▸ **DATASET CONTENT**
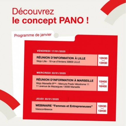 Découvrez les opportunités de franchise PANO et lancez-vous ! Tout au long de l’année, PANO organise des événements pour échanger avec les porteurs de projets et leur présenter son concept éprouvé ainsi que ses solutions d’accompagnement. En janvier, les premières dates à noter sont : · Lille : 17 janvier 2025 à 12h30 au Wojo Lille, 19 Rue d’Amiens, 59800 Lille Marseille : 22 janvier 2025 à 15h00 au Wojo Marseille 8ème - Mercure Prado Vélodrome, 11 avenue de Mazargues, 13008 Marseille En ligne : 30 janvier 2025 à 12h30, webinaire thématique “Femmes et Entrepreneuses”
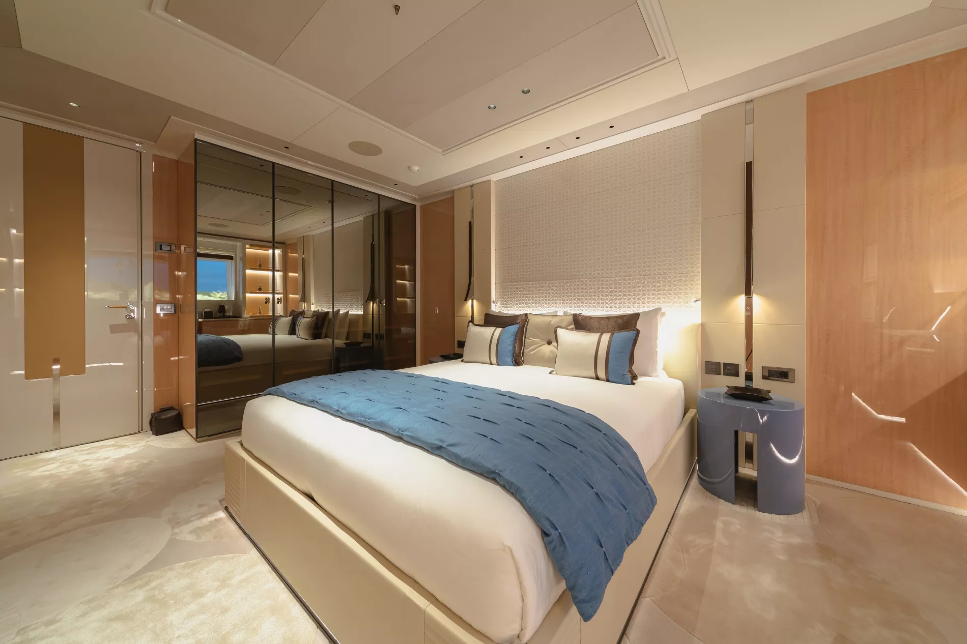 The owner’s suite occupies a scale more akin to a private apartment, with 180° views, dressing area, and its own private deck.
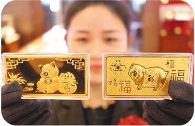江苏省苏州市观前街龙凤金店营业员展示猪年生肖金条。
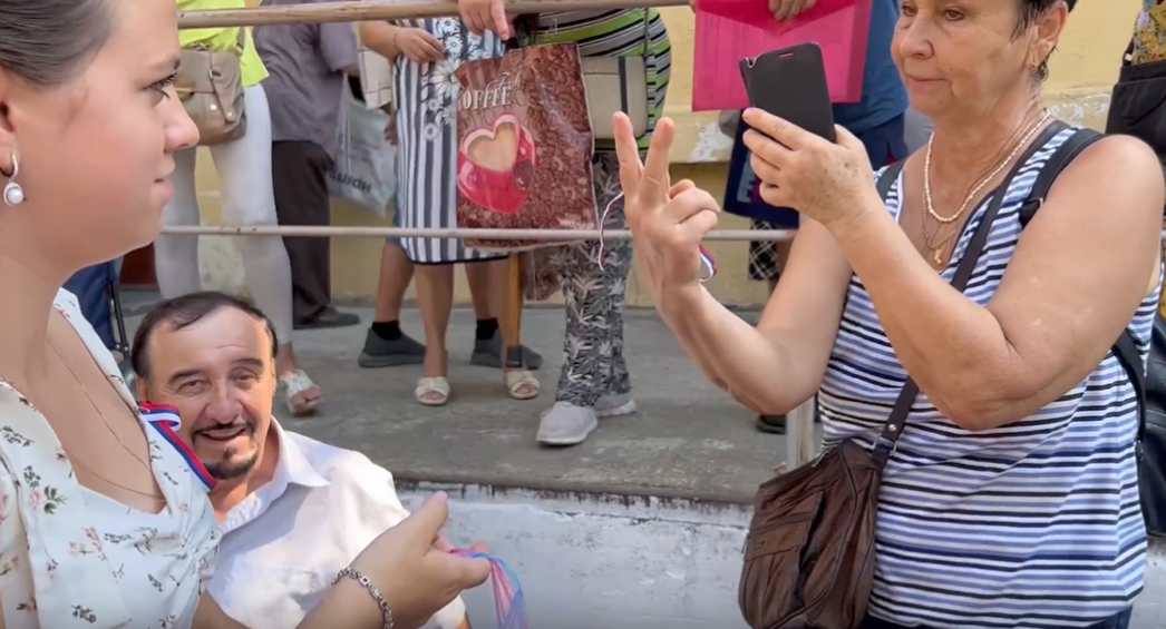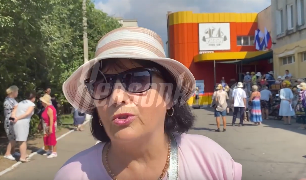 На фоні співаків пропагандисти зняли великий монолог жительки міста, яка розхвалює життя в окупації.«Мы очень счастливы! <...> Это моей молодости песня! Как я могу быть равнодушной? Нам запрещали эти песни — на 8 тысяч штрафовали за то, что я русскую песню слушаю», - каже вона на камеру.

▸ **WHAT YOU NEED TO DO**
What you hand back should match the listing exactly, except that no pictures appear.

▸ **SOLUTION TO THE PROBLEM**
 Découvrez les opportunités de franchise PANO et lancez-vous ! Tout au long de l’année, PANO organise des événements pour échanger avec les porteurs de projets et leur présenter son concept éprouvé ainsi que ses solutions d’accompagnement. En janvier, les premières dates à noter sont : · Lille : 17 janvier 2025 à 12h30 au Wojo Lille, 19 Rue d’Amiens, 59800 Lille Marseille : 22 janvier 2025 à 15h00 au Wojo Marseille 8ème - Mercure Prado Vélodrome, 11 avenue de Mazargues, 13008 Marseille En ligne : 30 janvier 2025 à 12h30, webinaire thématique “Femmes et Entrepreneuses”
 The owner’s suite occupies a scale more akin to a private apartment, with 180° views, dressing area, and its own private deck.
江苏省苏州市观前街龙凤金店营业员展示猪年生肖金条。
 На фоні співаків пропагандисти зняли великий монолог жительки міста, яка розхвалює життя в окупації.«Мы очень счастливы! <...> Это моей молодости песня! Как я могу быть равнодушной? Нам запрещали эти песни — на 8 тысяч штрафовали за то, что я русскую песню слушаю», - каже вона на камеру.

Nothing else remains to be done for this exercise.